====== Record excerpts ======

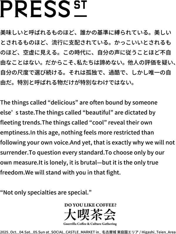 私たちはコーヒーを中心としたカルチャーを発信し、それをストリートにプレスします。
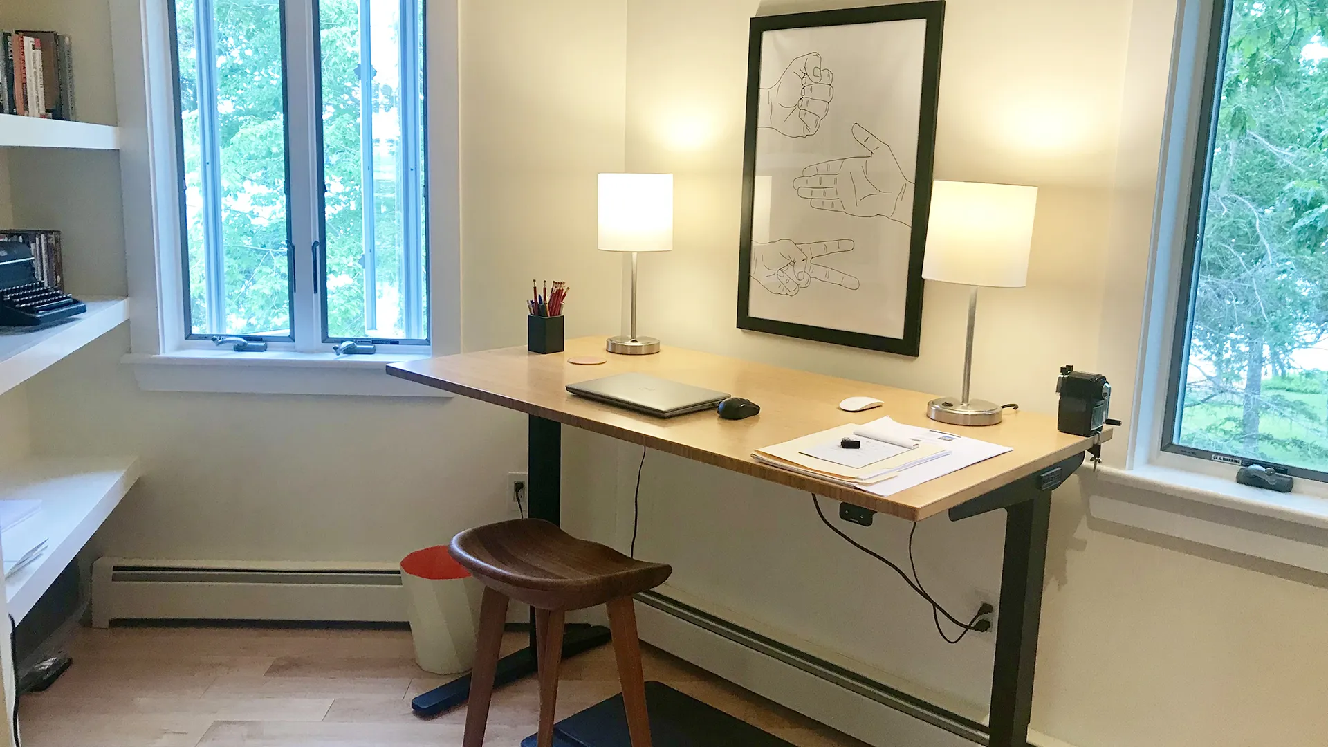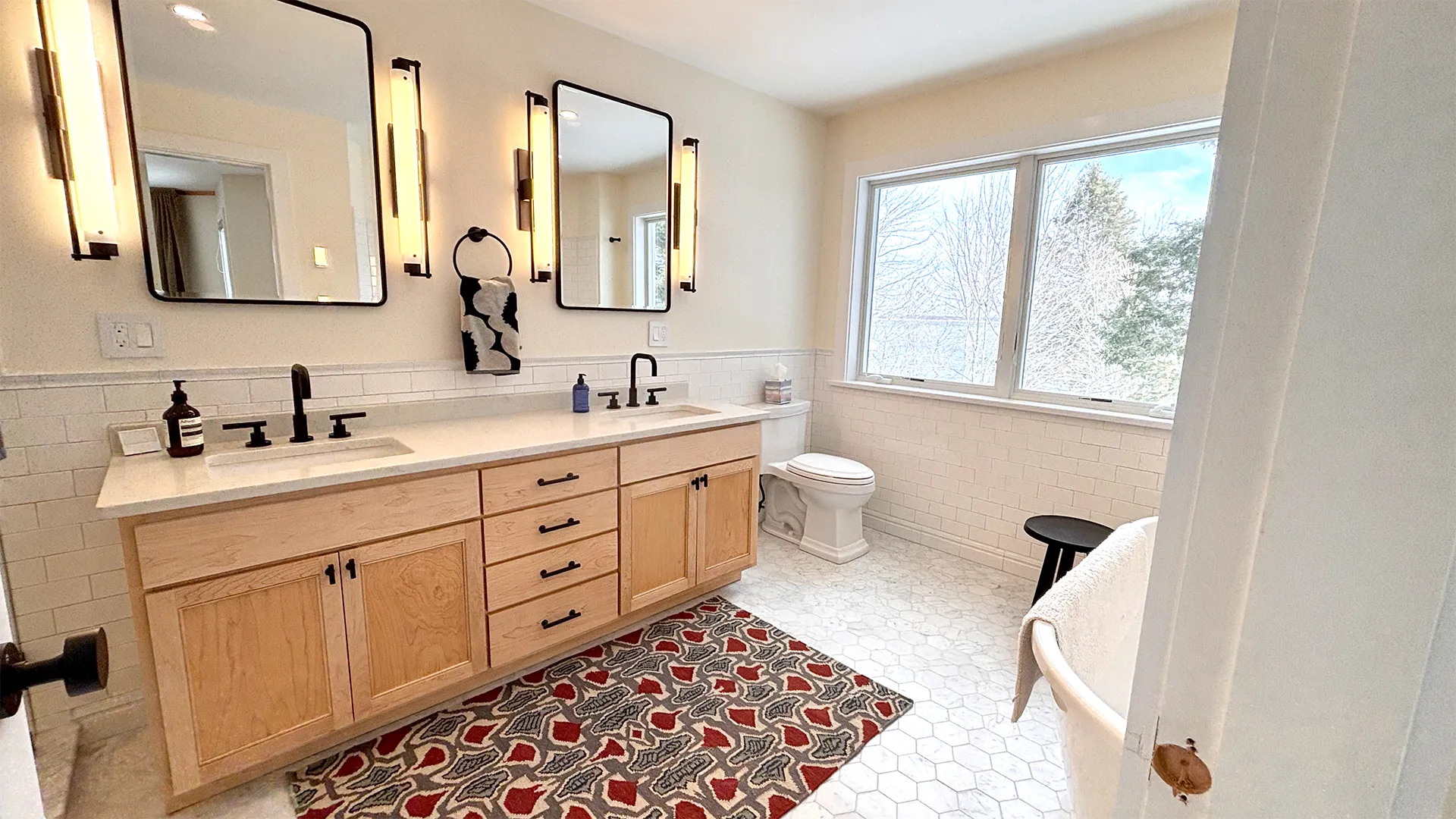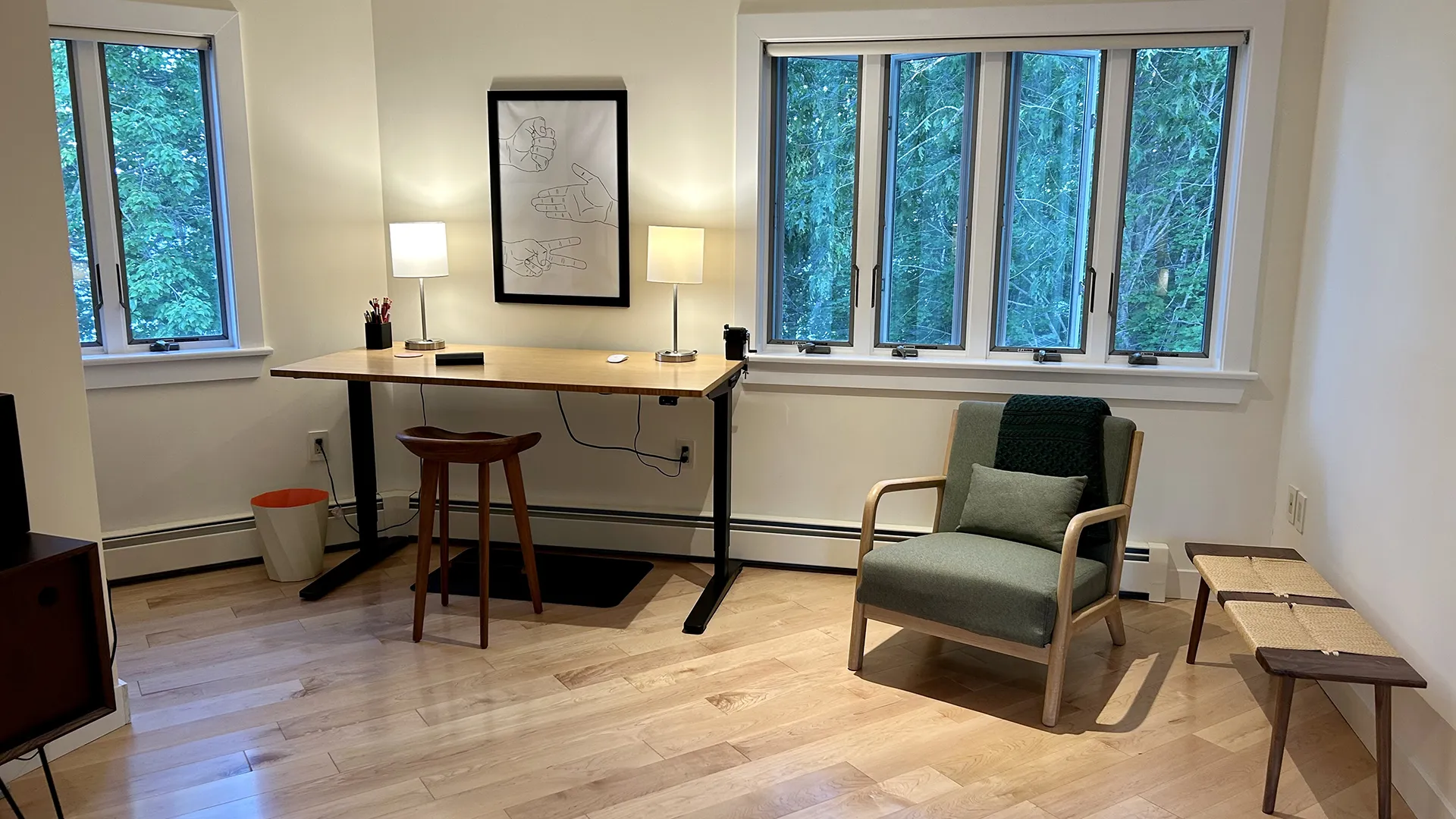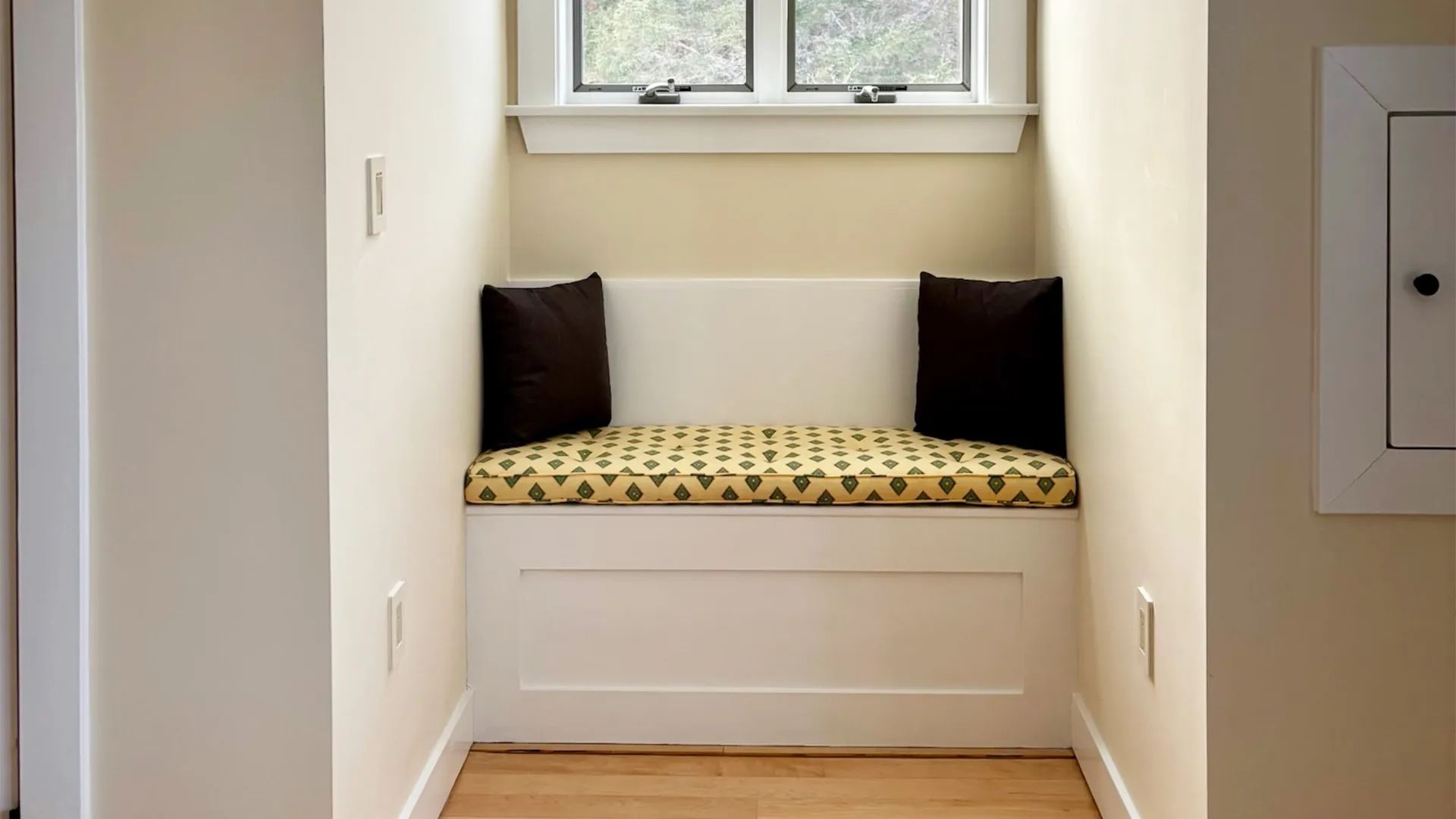 CUPOLA: Another short flight of stairs leads to a small cupola with counter seating and exceptional views across the Narrows towards Mt. Desert Island. Perfect for a morning or evening beverage, bird watching, or enjoying the passing weather!
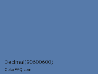 Decimal 90600600 Color is a normal blue color and the nearest color is Blue Yonder #5072a7. Hex code #567aaa and RGB value is rgb(86,122,170). In RGB color space, this color is composed of 34% red, 48% green, 67% blue, In CMYK color space, this color is composed of 49% cyan, 28% magenta, 0% yellow , 33% black , In HSL color space, this color has a hue angle of 214° , 33% saturation and 50% lightness.
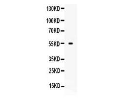 After electrophoresis, proteins were transferred to a membrane. Then the membrane was incubated with rabbit anti-WNT5A antigen affinity purified polyclonal antibody (PB9063) at a dilution of 1:1000 and probed with a goat anti-rabbit IgG-HRP secondary antibody (Catalog # BA1054). The signal is developed using ECL Plus Western Blotting Substrate (Catalog # AR1197). A specific band was detected for WNT5A at approximately 42,55 kDa. The expected band size for WNT5A is at 42 kDa.
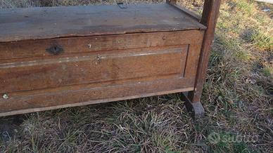 Antico banco da falegname in rovere/frassino con morse in legno e un vano portaoggetti chiuso da un'anta a ribalta. H80x207/218x58/64/76 cm. Spedisco in tutta Italia.
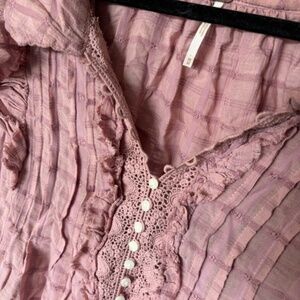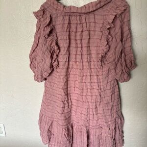 Chic mini dress with ruffled details. Features a deep V-neck and button accents. Perfect for casual outings.
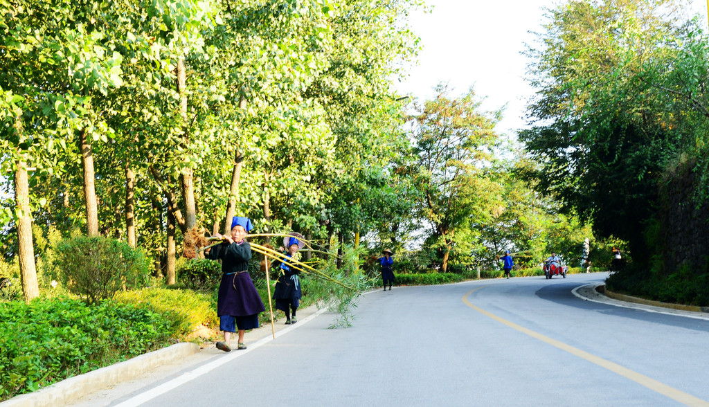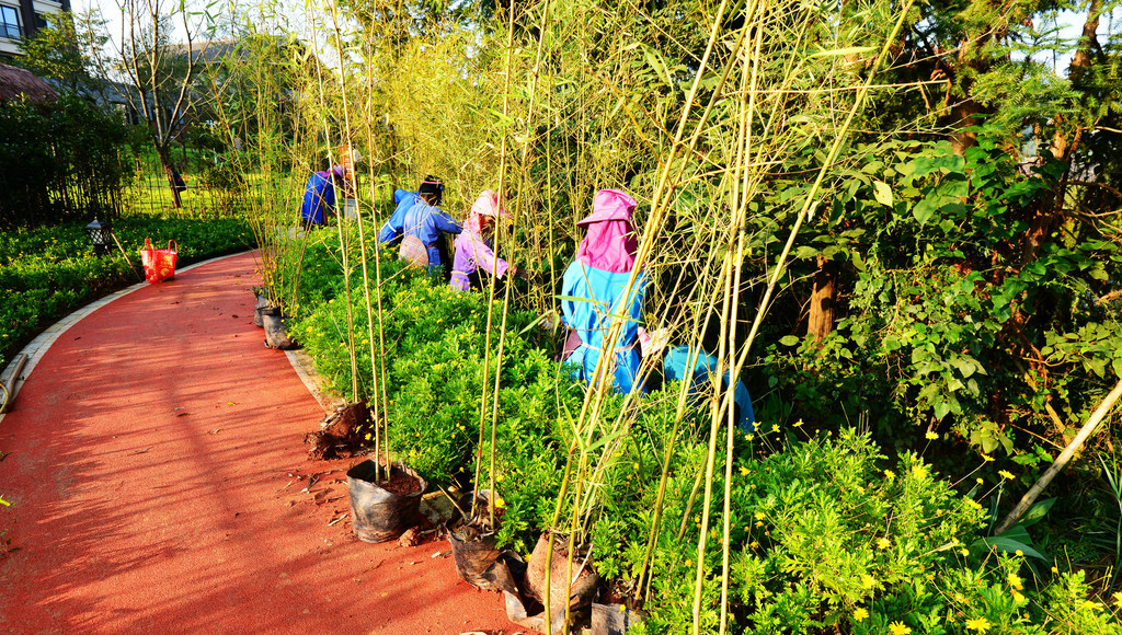 请看,又在上绿化工程了,前面是有人肩扛着将移栽的竹子后面是货车装载着,你这是打算要大家醉氧的节奏吧。
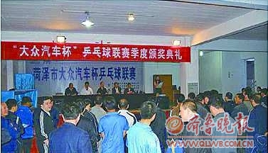 5月21日,季度赛颁奖仪式在大众俱乐部成功举行。该活动是由菏泽市总工会主办,上海大众菏泽众望4S店、上海大众菏泽众通4S店、斯柯达菏泽众捷4S店、一汽大众宝捷4S店承办的一项贯穿全年的乒乓赛事。
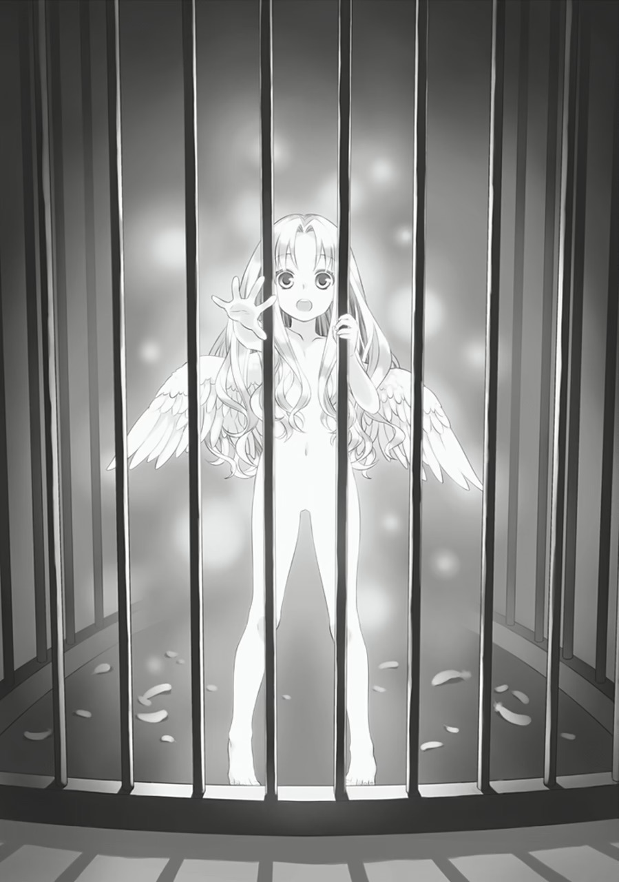 — …ин… — раздался тихий голос, как только мы обернулись к происходящему. — Господин! — и увидели в клетке не здоровенную пухлую птицу, а маленькую девочку со светлыми волосами. Совершенно голую, к слову. — Господин! Пожалуйста… не бросайте меня! — она потянула руки в сторону Наофуми. — Смотрите, я тоже могу так выглядеть! Как сестрёнка Найт!

======

### Instructions for the task
Print everything from the line with "Chic mini dress" down to the line with "5月21日,季度赛颁奖仪式在" in the entries above, both lines included and nothing more, without the pictures.

### Response area
 Chic mini dress with ruffled details. Features a deep V-neck and button accents. Perfect for casual outings.
 请看,又在上绿化工程了,前面是有人肩扛着将移栽的竹子后面是货车装载着,你这是打算要大家醉氧的节奏吧。
 5月21日,季度赛颁奖仪式在大众俱乐部成功举行。该活动是由菏泽市总工会主办,上海大众菏泽众望4S店、上海大众菏泽众通4S店、斯柯达菏泽众捷4S店、一汽大众宝捷4S店承办的一项贯穿全年的乒乓赛事。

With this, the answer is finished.